Proteinuria Reduction as a Surrogate Endpoint for Clinical Study of IgA Nephropathy in Japanese Patients: Data from the J-CKD-DB-Ex

Early reduction in proteinuria has been validated as a surrogate endpoint for IgA nephropathy (IgAN) in Western trials and is used for accelerated drug approval by the U.S. FDA, with new drug receiving approval based on 9-month proteinuria reduction. However, its applicability to Japanese patients remains unclear, given that the incidence, prevalence, clinical course, and prognosis of IgAN differ between Japanese and Western populations. Although these effective drugs are available overseas, they are not yet accessible in Japan, creating a drug lag that disadvantages Japanese patients. Therefore, this study aimed to evaluate the association between early proteinuria reduction and long-term renal outcomes in Japanese patients with IgAN, using real-world data from J-CKD-DB-Ex.

This retrospective observational study used data from J-CKD-DB-Ex, a real-world database of CKD in Japan comprising 21 university hospitals. Adult participants with IgAN (identified using ICD-10 codes), baseline urine protein/creatinine ratio (UPCR) ≥ 0.5 g/gCr, and eGFR ≥ 30 mL/min/1.73 m² were included. Exclusion criteria included patients without eGFR measurements during observation and those using immunosuppressants (excluding corticosteroids). The exposure was a ≥ 30% UPCR reduction at 9 months after the index date (UPCR reduction group), versus participants without such reduction (non-UPCR reduction group). UPCR values obtained within 9-12 months after the index date were used for the second measurement. The primary endpoint was a composite of 40% decline in eGFR from baseline or onset of CKD stage G5 (eGFR < 15 mL/min/1.73 m²). Cox proportional hazard models and linear mixed-effects models evaluated the association between UPCR reduction, renal events, and eGFR slope, adjusted for age, sex, baseline eGFR, baseline UPCR, and RAS inhibitor use.
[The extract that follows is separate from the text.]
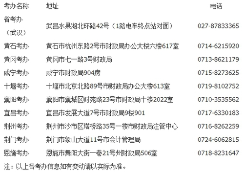 2、地點(diǎn)和聯(lián)系方式:武漢考區(qū)考生請至省考辦申辦,其他考生請到最后科目通過的考區(qū)考辦申辦。各考辦具體地址及聯(lián)系方式如下:

Among 385 participants (mean observation period 2,040 days), 64% (245 patients) achieved ≥ 30% reductions in UPCR. Baseline characteristics showed mean age 46.7 years, mean eGFR 64.7 mL/min/1.73 m², and mean UPCR 1.8 g/gCr. The UPCR reduction group showed significantly lower cumulative incidence of renal composite events than the non-UPCR reduction group [aHR 0.53 (95% CI: 0.35 - 0.79), p=0.002]. Similarly, the risk was significantly reduced for eGFR <15 mL/min/1.73 m² [aHR 0.16 (95% CI: 0.07 - 0.39), p < 0.001] and 40% eGFR decline [aHR 0.45 (95% CI: 0.30 - 0.68), p < 0.001], respectively. Annual eGFR decline was slower in the UPCR reduction group than that in the non-UPCR group (-1.9 vs -3.4 mL/min/1.73 m²/year). Multivariable regression model presented that greater UPCR reductions were linearly associated with more favorable eGFR slope [β coefficient: -0.01 (95% CI: -0.02, -0.01) per 1% UPCR decrease].

Using the Japanese CKD database J-CKD-DB-Ex, we examined whether early urinary protein reduction, a surrogate endpoint widely adopted in international clinical trials, is appropriate for Japanese patients with IgAN. A reduction of ≥ 30% in urinary protein at 9 months was associated with decreased subsequent renal failure risk and attenuation of eGFR decline. These findings suggest that early proteinuria reduction is a valid surrogate endpoint for renal prognosis in Japanese IgAN populations.